Second, our New York committee, the AFS staff, and our various sections have created an exceptional array of professionalization opportunities within the meeting. Having served recently on one of the “Next PhD” committees cropping up at every university with a grad school, I've learned how far ahead of the "alt-ac" curve our field is––which is not to say there's not more to be done. Still, we should notice that we're doing rather well. Please check out and take advantage of the rich opportunities afforded by a society as professionally diverse as ours. In addition to our ongoing mentoring opportunities for students and new professionals, one component I'd like to build in future is mentoring for mid-career and senior folklorists. While our skills-based workshops are adapted to people at any level, we could do more to acknowledge that it is not only new professionals who need spaces of reflection and counsel. (Suggestions welcome.) In a related initiative, soon the AFS Committee on Contingent Workforce Concerns will launch a survey to learn about the experiences of US folklorists working in institutionally vulnerable positions. Please watch for the announcement and help us to start a conversation on how AFS can better support our members in a changing economy.

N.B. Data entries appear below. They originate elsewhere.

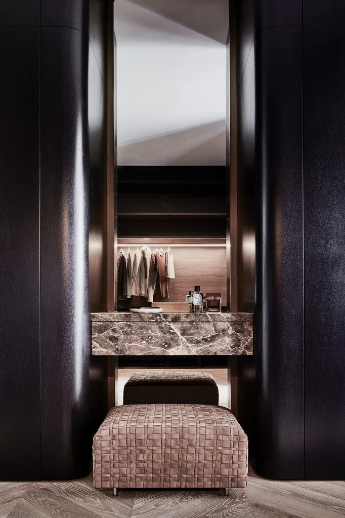 The dressing room has joinery doors in Alpi Ikat from Elton Group with vanity topped in ‘Emperador’ marble from Granite & Marble Works. Custom mirror from Art of Metal. Flexform ‘Bangkok’ ottoman from Fanuli.
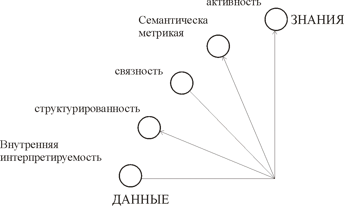 Важнейшими свойствами, присущими представлениям знаний в СППР [Еремеев А.П. Организация параллельных вычислений на основе моделей потока данных // Изв. РАН. Техн. кибернет., 1993, № 3, с. 212-225] являются внутренняя интерпретируемость, структурированность, связность, семантическая метрика, активность. Качественная диаграмма перехода от данных к знаниям представлена на рисунке 1.2. Перечисленные пять свойств информационных единиц - знаний - определяют ту грань, за которой данные превращаются в знания, а базы данных - в базы знаний. Совокупность средств, обеспечивающих работу с знаниями, образуют систему управления базой знаний (СУБЗ). В настоящее время не существует баз знаний, в которых в полной мере были реализованы внутренняя интерпретируемость, структуризация, связность, введена семантическая мера и обеспечена активность знаний.
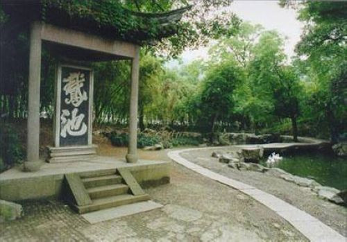 在兰亭里,有个方形的水池,池水清碧,白鹅戏嬉水面,池左旁有一座三角形的碑亭,亭内碑石上刻有“鹅池”两个草书大字。相传 “鹅池”两字为王羲之、王献之父子手笔,传说王羲之刚写完“鹅”字,欲书 “池”字时,忽闻圣旨到,遂搁笔迎旨。他的儿子王献之,趁父亲离开之际,提笔补上“池”字,一碑二字,一肥一瘦,父子合璧,成为千古佳话。
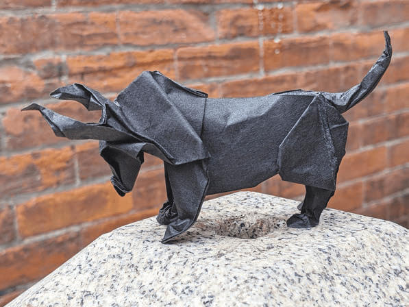 Throughout the month of September, Black Ink will be offering Origami bulls designed by Stephen Weber and folded by Skaff for a contribution of $25 or more to the day shelter. (Black Ink can only accept cash donation for the origami pieces, however, as they aren’t store inventory.) Each Origami bull measures 24-by-24 centimeters and is made using Nicolas Terry Tissue Foil Origami specialty paper from France.
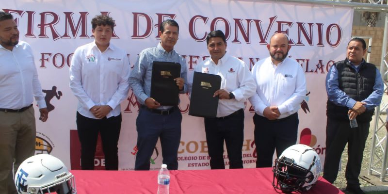 El convenio fue firmado, además del titular del INDE BC, por el director general del Colegio de Bachileres, Juan Carpio, y el presidente de la Asociación Estatal de Fútbol Americano, Luis Romero.
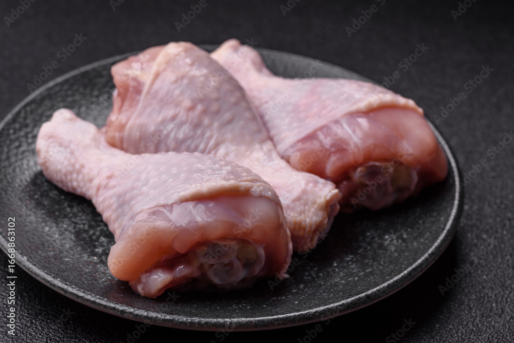 Raw chicken or turkey legs as a food background for cooking on a barbecue or grill. Chicken raw legs
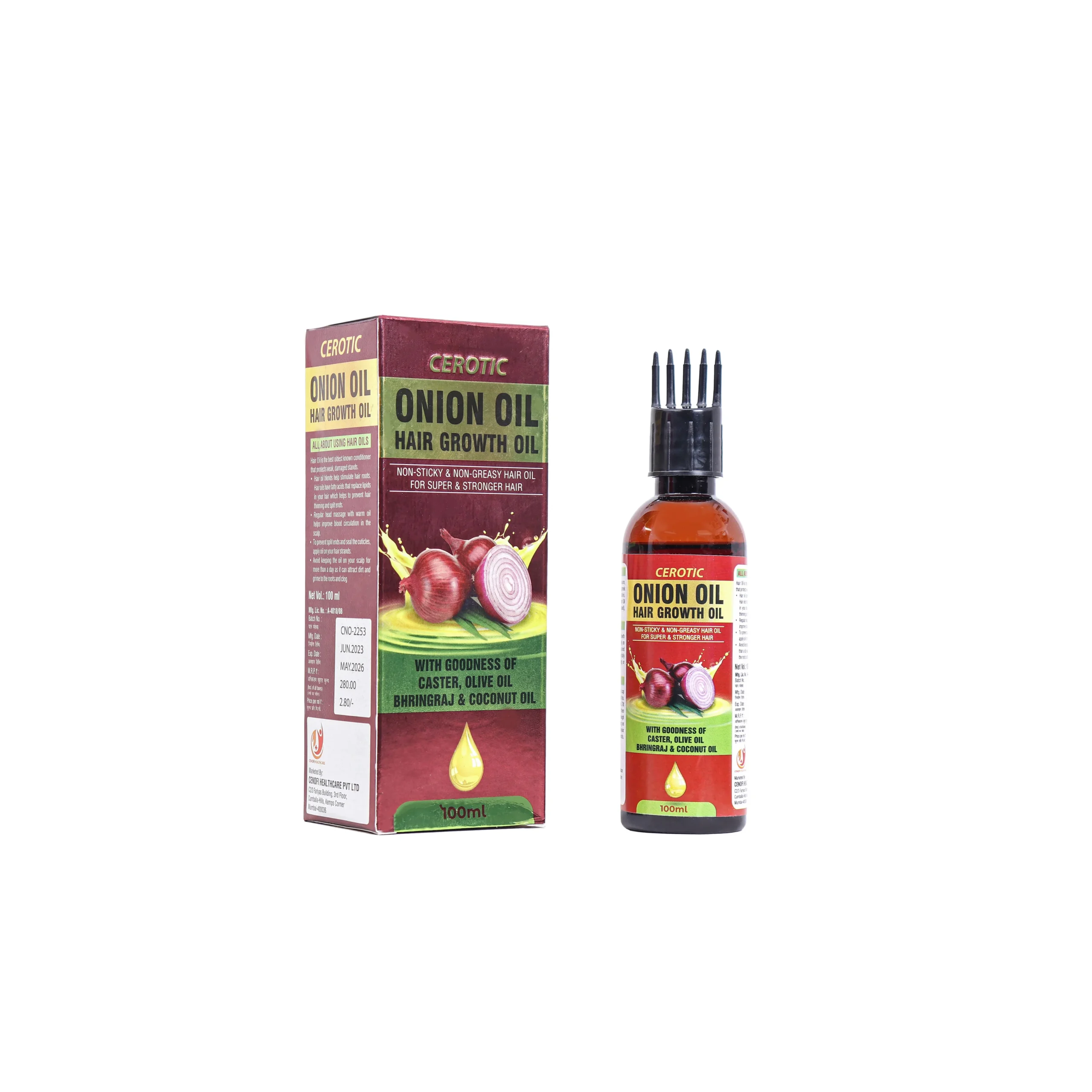 CEROTIC Onion Oil Hair Growth Oil is a non-sticky & non-greasy formula for super & stronger hair. It’s enriched with the goodness of Red Onion Oil, Castor Oil, Olive Oil (Cold Pressed), Bhringraj, Coconut Oil, and other powerful natural ingredients like Brahmi, Amla, and Fenugreek Seeds. It comes with a comb applicator for easy and precise application directly to the scalp and roots.
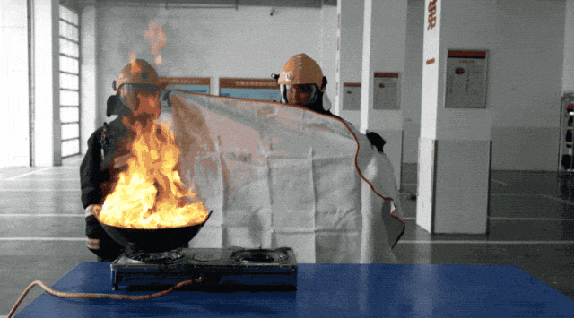 消防员将面积大于锅盖的灭火毯展开
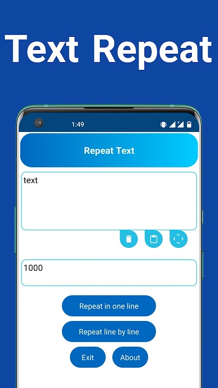 Возможность повторять текст 1000 и более раз и быстро, все с повторением слов приложения
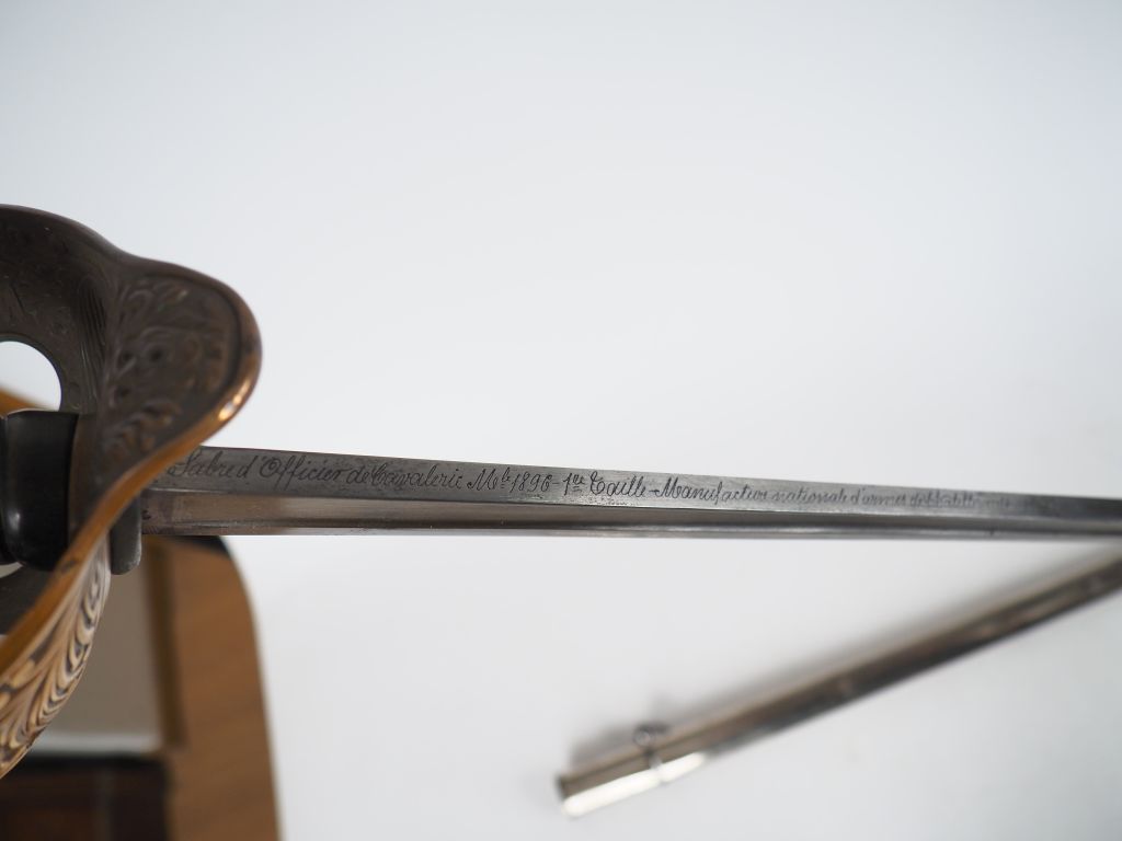 Sabre de cavalerie modèle 1896 pour officier, lame droite dos plat portant un important marquage en cursives « Sabre d’officier de cavalerie modèle 1896 1ere taille Manufacture nationale de Châtellerault 1908 J H » , monture en bronze doré ciselé avec plateau de garde symétrique se prolongeant en branche de garde joignant le pommeau, fusée corne filigranée . Dans son fourreau en tôle d’acier. Etat 1.
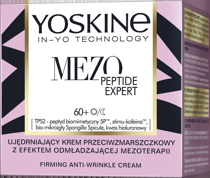 YOSKINE MEZO PEPTIDE EXPERT to nowoczesna linia kosmetyków, której formuła bazuje na BIOMIMETYCZNYM PENTAPEPTYDZIE, imitującym działanie mezoterapii, oraz na naturalnych BIO-MIKROIGŁACH pochodzących z gąbki morskiej SPONGILLA SPICULES. Te mikroigiełki stymulują skórę do głębokiej, naturalnej odnowy, zapewniając widoczny efekt odmłodzenia. Produkty wykorzystują innowacyjną technologię IN-YO.
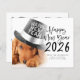 A budget price smaller 4.5 x 5.6” alternative on 110lbs stock, similar in thickness to a postcard. There is ONE per sheet. Budget Pet Photo Overlay Script Happy New Year 2026 Calendar. A playful set script for Happy New Year 2026 and the rest of the text is easy to personalise. Replace the sample photo with your own cute picture of your pet. A gradient overlay layer is on top of your photo so it fades out as it reaches the center with the text partially overlaid on top. On the back is a handy 2026 calendar for your recipients.
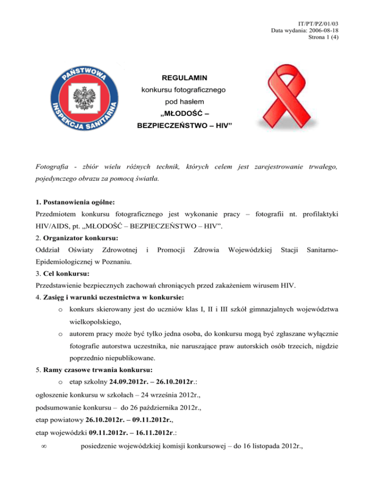IT/PT/PZ/01/03 Data wydania: 2006-08-18 Strona 1 (4) REGULAMIN konkursu fotograficznego pod hasłem „MŁODOŚĆ – BEZPIECZEŃSTWO – HIV” Fotografia - zbiór wielu róŜnych technik, których celem jest zarejestrowanie trwałego, pojedynczego obrazu za pomocą światła. 1. Postanowienia ogólne: Przedmiotem konkursu fotograficznego jest wykonanie pracy – fotografii nt. profilaktyki HIV/AIDS, pt. „MŁODOŚĆ – BEZPIECZEŃSTWO – HIV”. 2. Organizator konkursu: Oddział Oświaty Zdrowotnej i Promocji Zdrowia Wojewódzkiej Stacji Sanitarno- Epidemiologicznej w Poznaniu. 3. Cel konkursu: Przedstawienie bezpiecznych zachowań chroniących przed zakaŜeniem wirusem HIV. 4. Zasięg i warunki uczestnictwa w konkursie: o konkurs skierowany jest do uczniów klas I, II i III szkół gimnazjalnych województwa wielkopolskiego, o autorem pracy moŜe być tylko jedna osoba, do konkursu mogą być zgłaszane wyłącznie fotografie autorstwa uczestnika, nie naruszające praw autorskich osób trzecich, nigdzie poprzednio niepublikowane. 5. Ramy czasowe trwania konkursu: o etap szkolny 24.09.2012r. – 26.10.2012r.: ogłoszenie konkursu w szkołach – 24 września 2012r., podsumowanie konkursu – do 26 października 2012r., etap powiatowy 26.10.2012r. – 09.11.2012r., etap wojewódzki 09.11.2012r. – 16.11.2012r.: • posiedzenie wojewódzkiej komisji konkursowej – do 16 listopada 2012r., IT/PT/PZ/01/03 Data wydania: 2006-08-18 Strona 2 (4) • ogłoszenie wyników na stronie internetowej WSSE w Poznaniu, • wręczenie nagród laureatom konkursu. 6. Zakres tematyczny: Konkurs skierowany jest do młodzieŜy klas I, II i III szkół gimnazjalnych. Zadanie konkursowe polega na wykonaniu przez młodzieŜ tematycznej fotografii. Autorzy fotografii mają przedstawić bezpieczne zachowania chroniące przez zakaŜeniem HIV. Prace konkursowe nie mogą wzbudzać agresji i nietolerancji. 7. Zasady przeprowadzenia konkursu: zadania dla uczestników konkursu: • wykonanie fotografii barwnej lub czarno-białej o wymiarze 10 x 15 (wywołanej oraz nagranej na płycie CD) odzwierciedlającej hasło konkursowe, • uczestnik moŜe zgłosić tylko jedno zdjęcie. o liczba etapów konkursu - konkurs składa się z trzech etapów: • szkolnego, • powiatowego, • wojewódzkiego. osoby odpowiedzialne /zespoły organizacyjne/ za przeprowadzenie o poszczególnych etapów: • etap szkolny: szkolny koordynatorzy wychowania zdrowotnego, nauczyciele, wychowawcy klas, przedstawiciele medycyny szkolnej, • etap powiatowy: pracownicy oświaty zdrowotnej i promocji zdrowia powiatowych stacji sanitarno-epidemiologicznych województwa wielkopolskiego, • etap wojewódzki: pracownicy Oddziału Oświaty Zdrowotnej i Promocji Zdrowia Wojewódzkiej Stacji Sanitarno-Epidemiologicznej w Poznaniu. o liczba uczestników przechodzących do dalszych etapów konkursu: • z etapu szkolnego do etapu powiatowego: laureaci I miejsca z poszczególnych szkół, • z etapu powiatowego do etapu wojewódzkiego: laureaci I miejsca z powiatów. o sposób zgłaszania uczestników: • uczestnicy ze szkół wielkopolskiego rekrutują się samodzielnie. gimnazjalnych województwa IT/PT/PZ/01/03 Data wydania: 2006-08-18 Strona 3 (4) sposób opisania prac konkursowych: • dołączyć kopertę, w której naleŜy umieścić dokładne i czytelne dane autora: imię i nazwisko, adres szkoły, numer telefonu szkoły, załącznik F/IT/PT/PZ/01/03/02 - zgodę opiekunów na udział dziecka w konkursie oraz zgodę na publikacje wizerunku osób znajdujących się na zdjęciu (zgoda osoby dorosłej). prace naleŜy przesłać: • etap powiatowy – właściwa powiatowa stacja sanitarno- epidemiologiczna, • etap wojewódzki – Wojewódzka Stacja Sanitarno- Epidemiologiczna w Poznaniu, Oddział Oświaty Zdrowotnej i Promocji Zdrowia, os. Przyjaźni 118, 61-680 Poznań. 8. Zasady oceny oraz skład komisji konkursowej: oceniane będą tylko indywidualne, własnoręcznie wykonane fotografie, sposób oceny: • zgodność z regulaminem, • poprawność merytoryczna, • pomysłowość, • czytelność przekazu, skład komisji konkursowej: • etap szkolny: dyrektor szkoły, nauczyciel sztuki, przedstawiciel medycyny szkolnej, • etap powiatowy: pracownik ds. oświaty zdrowotnej i promocji zdrowia powiatowej stacji sanitarno-epidemiologicznej, nauczyciel sztuki, pracownik słuŜby zdrowia, przedstawiciel starostwa powiatowego, urzędu miast i gmin, • etap wojewódzki: pracownik Oddziału Oświaty Zdrowotnej i Promocji Zdrowia Wojewódzkiej Stacji Sanitarno-Epidemiologicznej w Poznaniu, przedstawiciel władz rządowych/samorządowych, przedstawiciel Kuratorium Oświaty w Poznaniu, plastyk, pracownik słuŜby zdrowia. 9. Zasady nagradzania: o fundatorzy nagród: • etap IT/PT/PZ/01/03 Data wydania: 2006-08-18 Strona 4 (4) powiatowy: powiatowe stacje sanitarno – epidemiologiczne województwa wielkopolskiego, starostwa powiatowe, urzędy miast i gmin, partnerzy, • etap wojewódzki: Wojewódzka Stacja Sanitarno – Epidemiologiczna w Poznaniu, Urząd Marszałkowski Województwa Wielkopolskiego, Wielkopolski Urząd Wojewódzki, partnerzy. liczba laureatów: • etap szkolny – I, II, III miejsce, • etap powiatowy – I, II, III miejsce, • etap wojewódzki – I, II, III miejsce i trzy wyróŜnienia. o rodzaj nagród - nagrody rzeczowe. 10. Organizatorzy zastrzegają sobie prawo: o innego podziału nagród i wyróŜnień, o wykorzystania prac konkursowych w działaniach informacyjno-edukacyjnych, opublikowania ich w całości lub we fragmentach w wydawnictwach okolicznościowych, materiałach prasowych, internecie lub w inny sposób. IT/PT/PZ/01/03 Data wydania: 2006-08-18 Strona 5 (4) M.S.K./H.W.
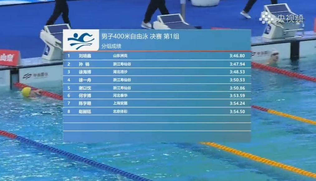[时事新闻] 全国游泳春锦赛:33岁孙杨400米自由泳游出3分47秒94,夺得银牌 |
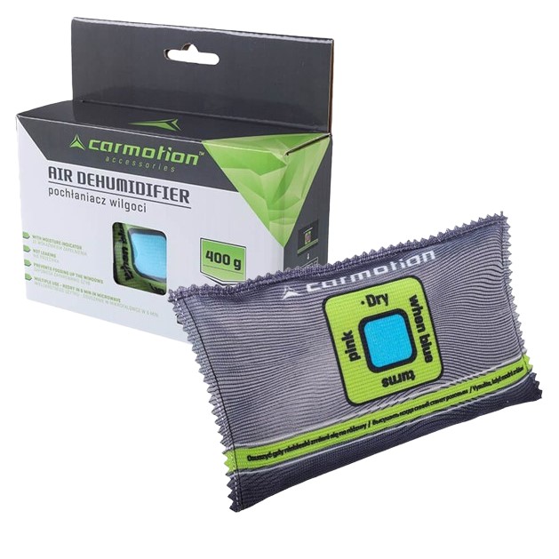 Pohlcovač vlhkosti Carmotion absorbuje přebytečnou vlhkost z interiéru našeho vozu a následně ji bezpečně uloží uvnitř. Absorpcí vlhkosti z interiéru vozu zvyšuje výrobek svoji hmotnost, tento proces probíhá bez rizika vytečení nebo skvrn. Snížením úrovně vlhkosti absorbér pomáhá snižovat zamlžování oken.
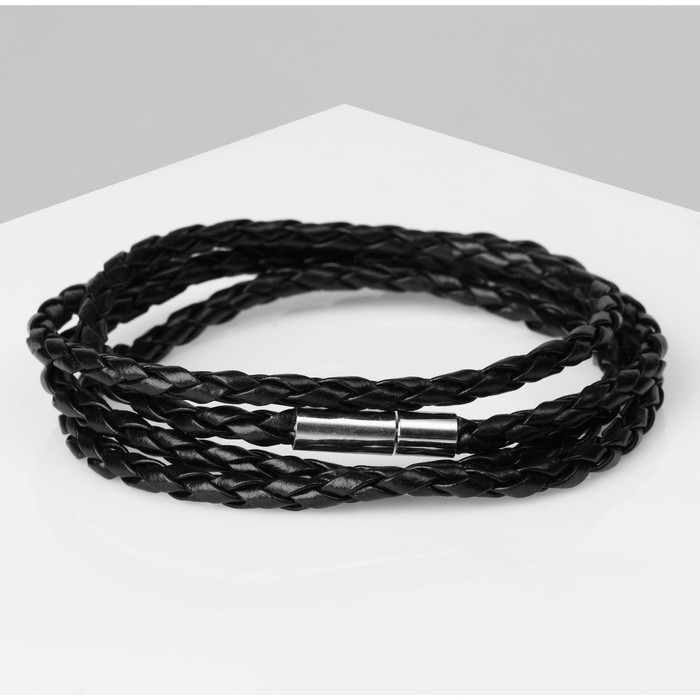 Браслет унисекс «Кожаное плетение», цвет чёрный с серебром, 82 см

This year we've premiered draft Guidelines for Accessible Presentations, and while that may sound bureaucratic, I urge you to read them and think about effective communication within our meetings. Our many members who have lost some hearing in their years of intensive concert attendance will tell you how important it is to use the mic when you present––as well as to speak clearly, explain insider assumptions and terms, and perhaps provide supporting visuals. Some of us have evident disabilities. Others are students and community members attending their first scholarly meeting, disciplinary outsiders who don't know folklore's jargon or history, and non-native speakers of English. We need to reach all of ourselves and our newcomers to sustain the vitality of our field. 

As always, we strive to continually improve our efforts to build and support a comfortable and welcoming environment for all attendees. Our Policy on Appropriate Behavior provides some guidelines for navigating this territory, reminding us that our meeting, which sometimes feels like a family reunion, remains a professional gathering. The Cultural Diversity Committee continues to work towards building inclusion in the field, this year with important sessions on allyship, curriculum, and more. In addition, please note the AFS-organized session on "Folklorists and #MeToo" and the related activities of the Women's Section—all are invited.

Finally, we are continuing to experiment with the scheduling and formats of both the Time of Remembrance and the Candidates' Forum. No ideal solution is yet in sight for either, but we're trying and we welcome your feedback. Please attend both sessions in order to honor folklore's past and build folklore's future!

Thanks to all of you for your contributions to making this wonderful thing happen. See you soon.